Незабываемый вечер… На дворе бушевала непогода. Пламя, лизавшее черную пасть очага, рассыпалось роем золотых звездочек. Гости и хозяева сидели у огня. По стенам скользили их причудливые силуэты. Мельник показывал дочурке Сабины зайчиков, ловко складывая пальцы. Девочке не верилось, и она все смеялась. Сабина, немного нагнувшись, машинально шевелила поленья длинными щипцами; она очень устала и рассеянно улыбалась своим мыслям; видно было, что она не слушает золовку, которая что-то с жаром рассказывала гостье о домашних делах, и только для виду утвердительно кивает головой. Кристоф, сидя в темноте рядом с мельником, ласково перебирал волосики девочки и смотрел на улыбающиеся губы Сабины. Она знала, что он на нее смотрит. А он знал, что она улыбается ему. За целый вечер им не удалось обменяться ни словом, не удалось даже поглядеть друг другу в глаза, да они и не стремились к этому.
Спать разошлись рано. Сабину и Кристофа поместили в смежных комнатах. Кристоф машинально взглянул на дверь, которая вела в комнату Сабины, и заметил, что задвижка находится с той стороны. Он лег и честно старался заснуть. В окна стучал дождь. Ветер сердито завывал в трубе. Наверху хлопала дверь. Тополь, сгибаясь под порывами бури, надсадно скрипел под окном. Кристоф лежал с открытыми глазами. Он думал, что она рядом, под одною с ним крышей, только стена их разделяет. Из комнаты Сабины не доносилось ни звука. Но ему казалось, что он видит ее. Присев на кровати, он звал ее тихим голосом, он говорил ей туда, через стену, нежные и страстные слова. Он протягивал к ней руки.

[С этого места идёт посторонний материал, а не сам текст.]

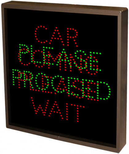This TCL Series CAR COMING PLEASE WAIT | PLEASE PROCEED (120-277VAC) outdoor, blank-out sign is designed with super bright LEDs and a contrasting face; we guarantee it's readable in direct sunlight. The sign message is formed by visible LEDs on a black sign face and is designed to illuminate the message(s) when turned on and blank out or extinguish the message when off.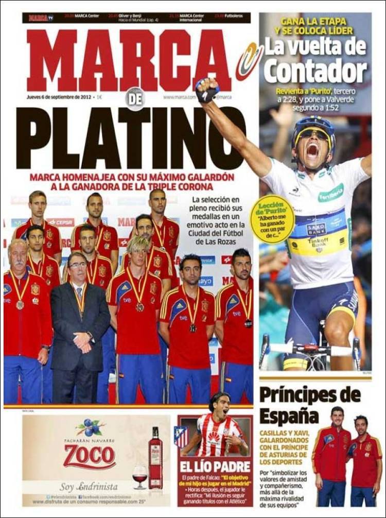MARCA SPAGNA – Il quotidiano Marca omaggia la Nazionale spagnola autore del Tripete con la vittoria dell’Europeo 2008, Mondiale 2010 ed Europeo 2012.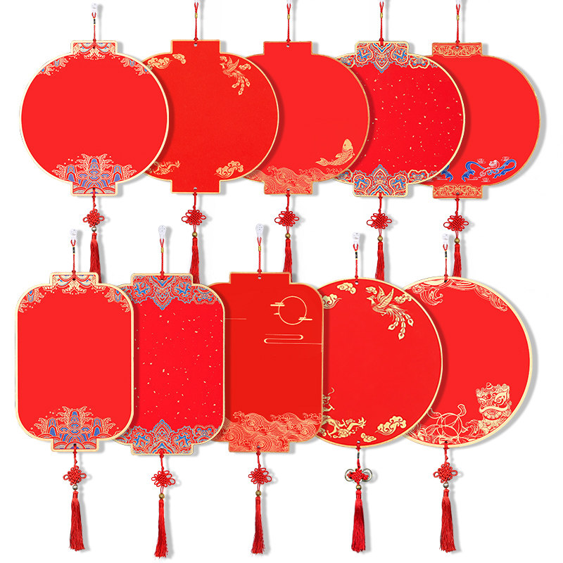 燃灯批发10个装福字硬卡纸万年红宣纸福卡挂件新春空白手写斗方福字红纸挂饰毛笔字书法双面灯笼卡纸中国结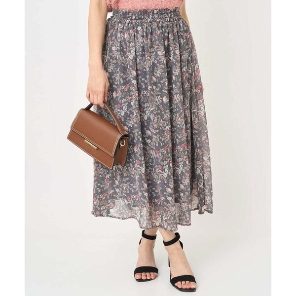 小さめのドットや繊細なリーフフラワーが散りばめられたプリントのシフォンスカート。多色使いですが、大人っぽい色合いでシックに着こなせます。落ち感がある素材は広がりすぎないので甘くなりすぎず、ウエストゴムでストレスフリーな着心地も嬉しい。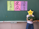 子どもたちに冬瓜に親しんでもらうため、1年生に皮の硬さや重さを体験してもらいました。全員初めて見るようで、4.5㎏もある冬瓜は1年生の顔よりも大きく、叩いてみてもびくともしない冬瓜に興味津々でした。実際に皮の硬さを感じることで、名前の由来にも実感がわいたようでした。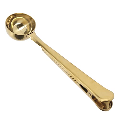 Zerodis Schulmaterial Schaufeln mit Clamp/Holder 2 in 1 Edelstahl Kaffee Messlöffel mit Dichtungsklammern Kaffeelöffel Versiegelungsklamm (#1)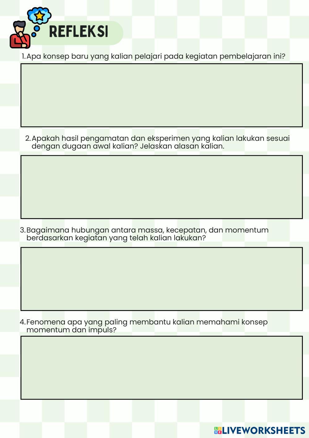 Isilah refleksi dibawah ini!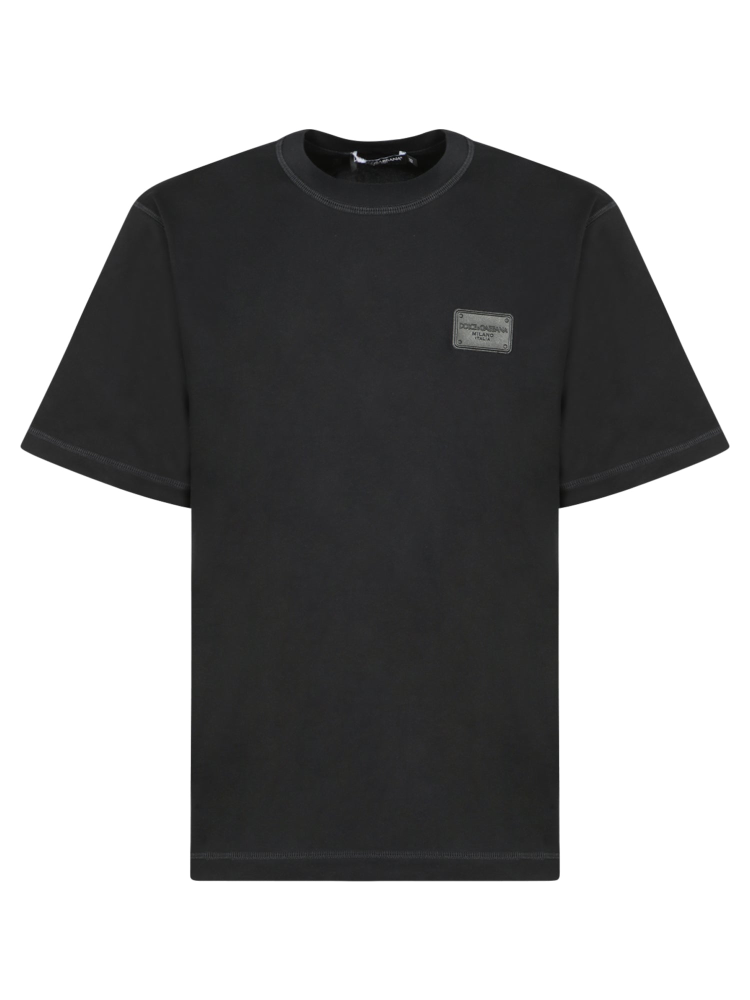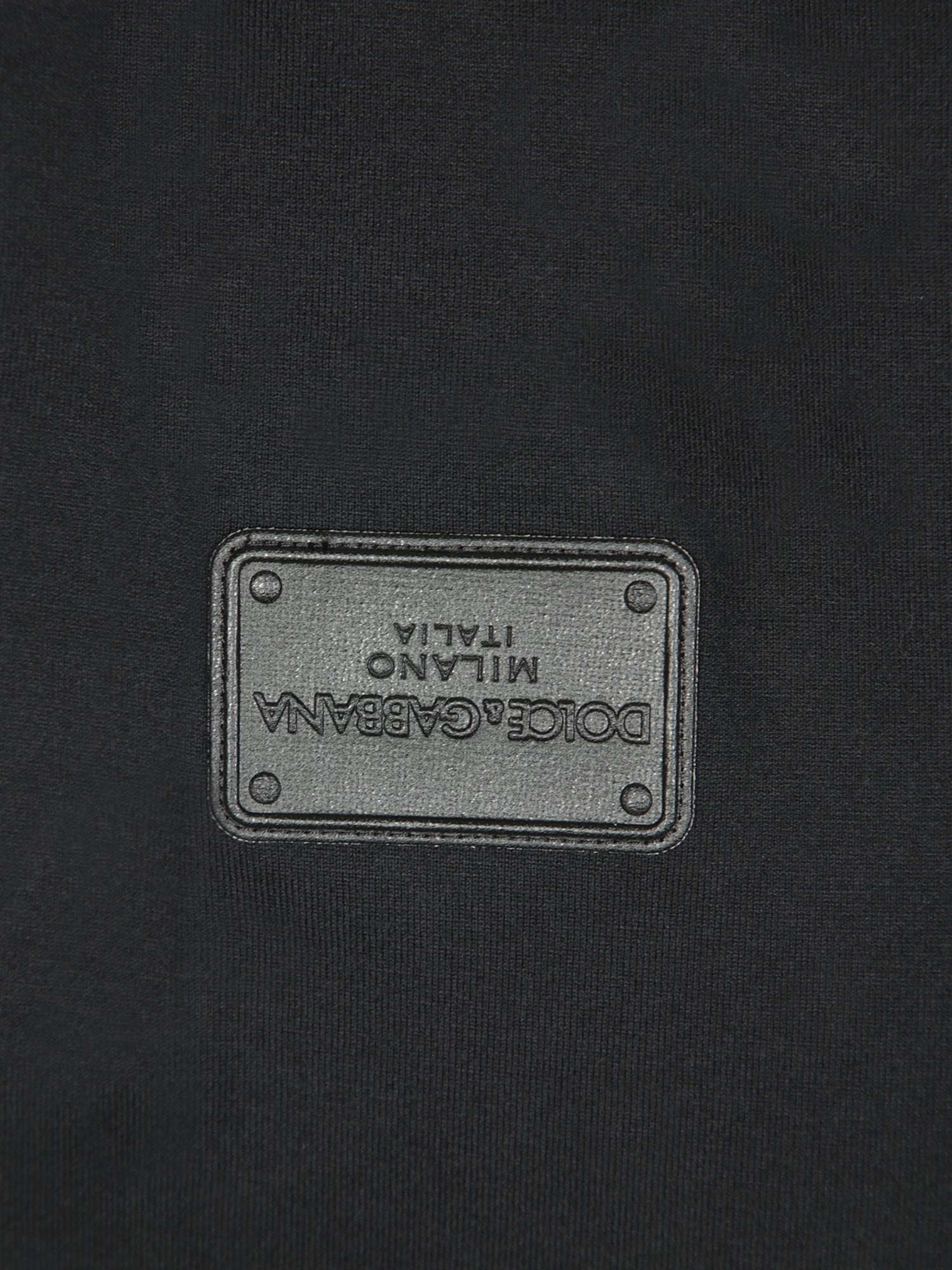This elegant creation from Dolce & Gabbana, crafted in soft black fabric, emphasizes sophistication with a tone-on-tone logo plaque on the chest, offering a distinct and minimalist look.
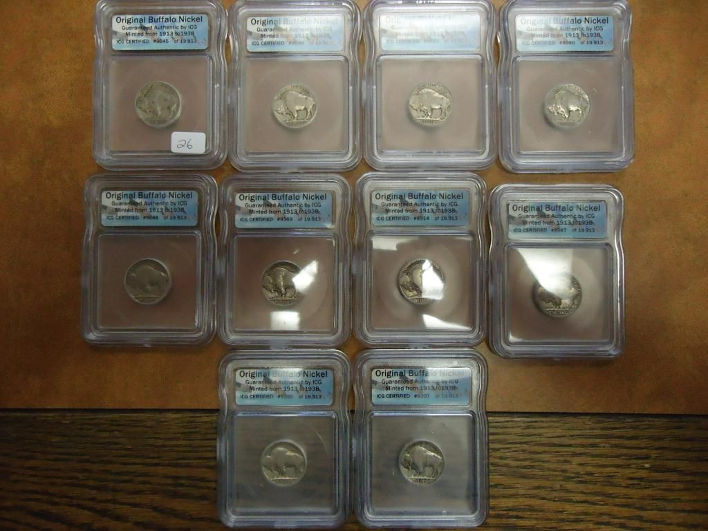 10 ASSORTED ICG BUFFALO NICKEL SLABS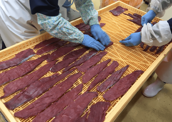 新鮮な鹿肉を乾燥させたシンプルなジャーキー。

И ему чудилось, как отвечает ему милый голос, как повторяет его слова, зовет его шепотом, и он не знал, действительно ли говорит Сабина, или он сам отвечает на свои вопросы. Вдруг призыв стал так внятен, что Кристоф не выдержал… Он соскочил с постели, ощупью добрался до двери — он не хотел ее отворять; ему было бы спокойнее, если бы она была заперта. Но когда он еще раз коснулся ручки ладонью, то почувствовал, что дверь подалась…

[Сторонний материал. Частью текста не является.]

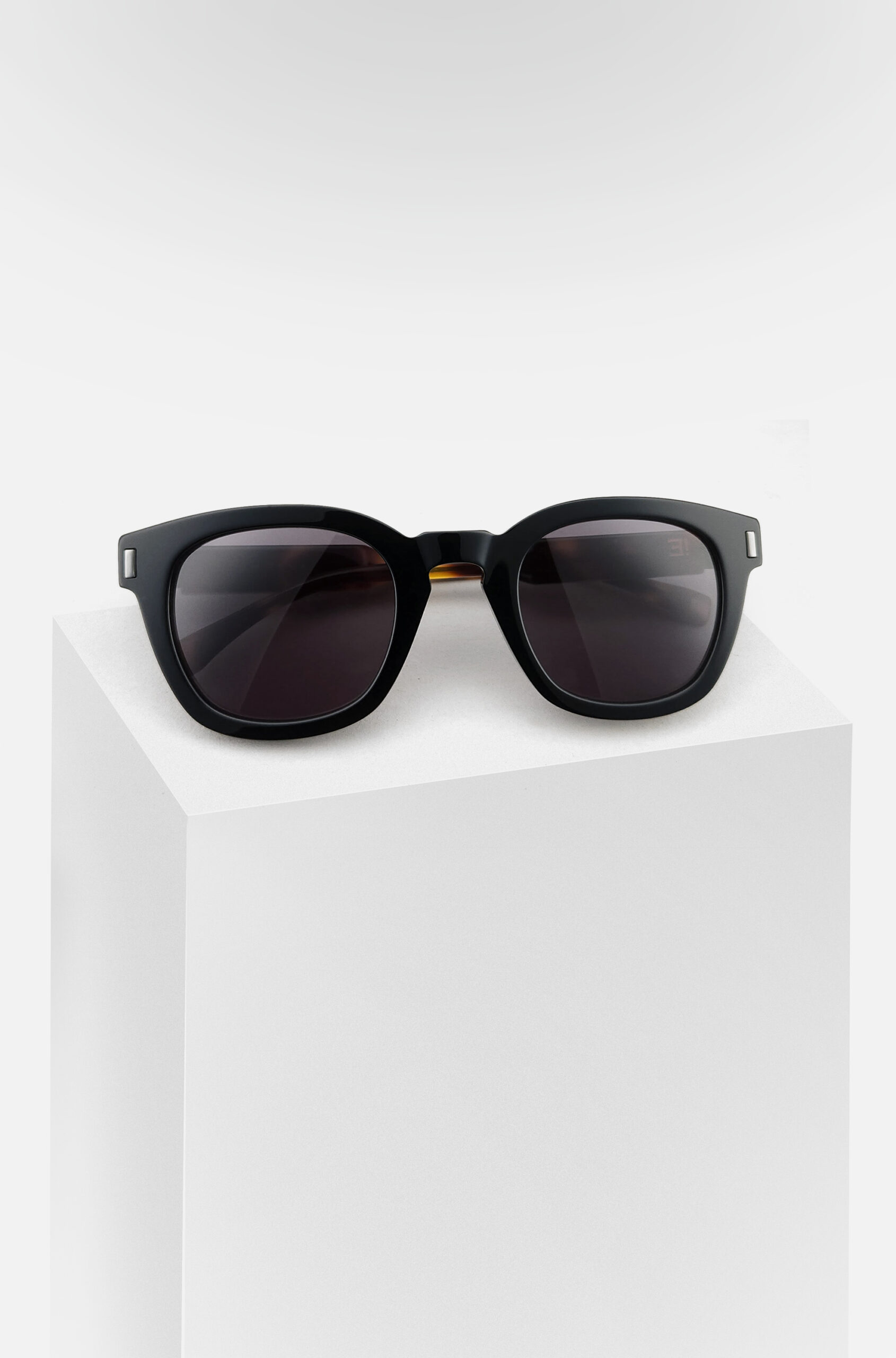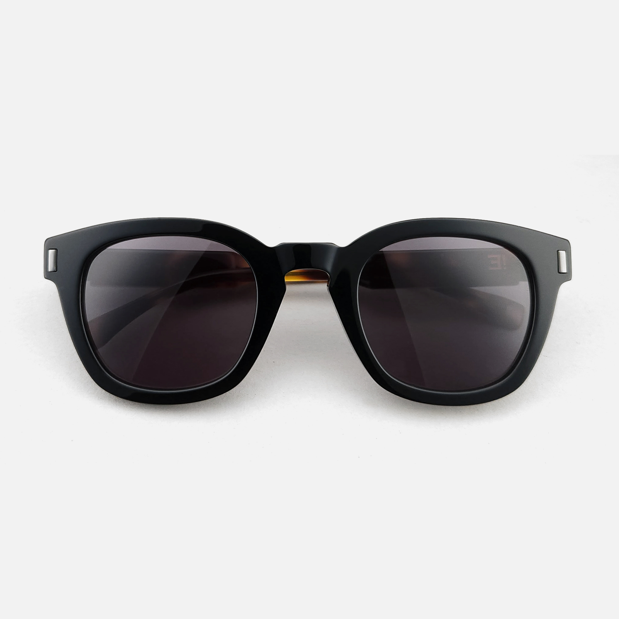 Face de couleur noir, branches de couleur noir. Plaquettes en acétate intégrées.

Кристоф оцепенел. Он тихонько прикрыл дверь, снова открыл и снова закрыл. Разве Сабина не заперла только что дверь? Заперла, он знал, что заперла. Кто ж тогда ее открыл? Сердце бешено стучало в груди, он задыхался. Он оперся о спинку кровати и присел, стараясь отдышаться. Страсть сразила его, лишила возможности смотреть, слушать, шевелиться; он дрожал всем телом. Ему внушало страх то самое неизведанное счастье, которое он призывал долгие месяцы и которое теперь было здесь, рядом, от которого его ничто не отделяло. И этот обуянный неистовой страстью подросток вдруг почувствовал лишь ужас и отвращение теперь, когда желания его сбывались. Он стыдился своих желаний, стыдился того, что должно было произойти. Он слишком сильно любил и не смел насладиться своей любовью, он пугался этой мысли и готов был на все, лишь бы избежать счастья. Любить, любить. Неужели любовь — это осквернение того, что любишь?..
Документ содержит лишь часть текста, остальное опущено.